Initiation of Corporate Insolvency Resolution Process by a Foreign Creditor against an Indian Corporate Guarantor

Every financial institutions want someone to stand guarantee to the loan they are about to provide. One of such common ways is that a subsidiary company stands as a guarantor for the parent company against the loan obtained by the latter. The question now arises is whether a Foreign Creditor can initiate Corporate Insolvency Resolution Process against Indian Corporate Guarantor?

Before delving into the question it is imperative to speak about the position of a Corporate Guarantor under the Insolvency & Bankruptcy Code, 2016 (“I&B Code”). The NCLAT vide its judgment in Dr. Vishnu Kumar Agarwal vs M/s Piramal Enterprises Ltd. cleared two legal positions. Firstly, it cleared, that a Financial Creditor can initiate Corporate Insolvency Resolution Process against the Corporate Guarantor, under I&B Code, even before proceeding against the corporate debtor. Secondly, the bench also noted that counter-indemnity obligation in respect of a guarantee comes within the meaning of ‘financial debt’, as per clause (h) of Section 5 (8) of the I&B Code. The NCLAT thus cleared the air on the position of Corporate Guarantor under I&B Code.

For a better understanding of the topic a recent judgment of the NCLT, Chennai Bench being M/s Stanbic Bank Ghana Ltd. vs M/s Rajkumar Impex Pvt. Ltd. (CP/670/IB/2017) is discussed herein below.

Background

The Financial Creditor (M/s Stanbic Bank Ghana Ltd.) entered into Loan Agreements with M/s Rajkumar Impex Ghana Ltd. which was the principle borrower and the wholly owned subsidiary of the Respondent Company.
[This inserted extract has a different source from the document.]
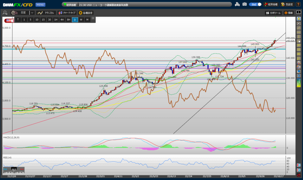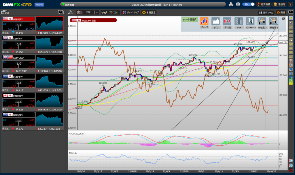 10月13日のチャート分析(21時30分のCPIに注目)

Pursuant to the Loan Agreements the Financial Creditor entered into a deed of guarantee with the Respondent Company. The guarantee was an “on demand” guarantee which was inviolable on demand. The deed also contained an indemnity issued by the Respondent to the Financial Creditor. Upon default from the borrower proceedings were initiated against the Respondent in the courts in England, in terms of the deed, and the court of England passed an order after analyzing the merits despite which the Respondent failed to make payment to the Financial Creditor hence the Creditor initiated the Corporate Insolvency Resolution Process.

Submissions of the Respondent

The Respondent submitted that the petition was not maintainable since (a) the Creditor was not an Indian Company registered under the Companies Act, 2013; (b) a constituted attorney on behalf of the Creditor cannot institute an application under I&B Code, the rules only entitle an authorized representative to verify the pleadings; (c) Principle borrower is an independent company and not a subsidiary of the Respondent Company; (d) having failed to recover money from the principle borrower the Creditor cannot enforce the claim against the Guarantor; (e) the order made by the courts in England is not conclusive and has not been given on merit; (f) lastly the Foreign Exchange Management (Guarantee) Regulations, 2000 (FEMA Regulations) permission to be obtained from Reserve Bank of India before singing of the guarantee.

Submission of the Financial Creditor

The Creditor countered the arguments by stating that (a) dispute with the principle borrower is irrelevant, because the guarantee was “on demand” and it is a settled law that the liability of the Guarantor is co-extensive  with that of the principle borrower; (b) the I&B Code does not prohibit a foreign creditor from filing a petition; (c)the order passed by the court of England, despite being ex-partee was on merits; (d) an authorized representative includes an authorized agent, the Board of Directors authorized the POA to file the petition (relying on Macquirie Bank Ltd. vs Shilpi Cables Technologies Ltd.); (e) dispute is irrelevant for the purpose of  determining an application under Section 7 of I&B Code (relying on M/s Innoventive Industries Ltd. vs. ICICI Bank and another) (f) finally, FEMA Regulations apply only if the principle borrower in an Indian.

Decision by NCLT, Chennai Bench

Relying upon the findings of the order passed by the courts of England the NCLT concluded that the Financial Creditor has made out a prima facie case under I&B Code. The findings of the court of England that were relied upon are that the Respondent in terms of the deed is liable as principle obligator and indemnifier and also that there is no compelling reason for trial and after analyzing evidence the court of England passed its order. The NCLT concluded that it has not power to enforce the foreign decree but it has the power to taking cognizance of the decree and accordingly initiated the Corporate Insolvency Resolution Process.

Conclusion

Having considered the above, the NCLT has rightly admitted the petition and imitated Corporate Insolvency Resolution Process and with that the NCLT has also clarified that a Foreign Creditor can file a petition for Corporate Insolvency Resolution Process under I&B Code against an Indian Corporate Guarantor.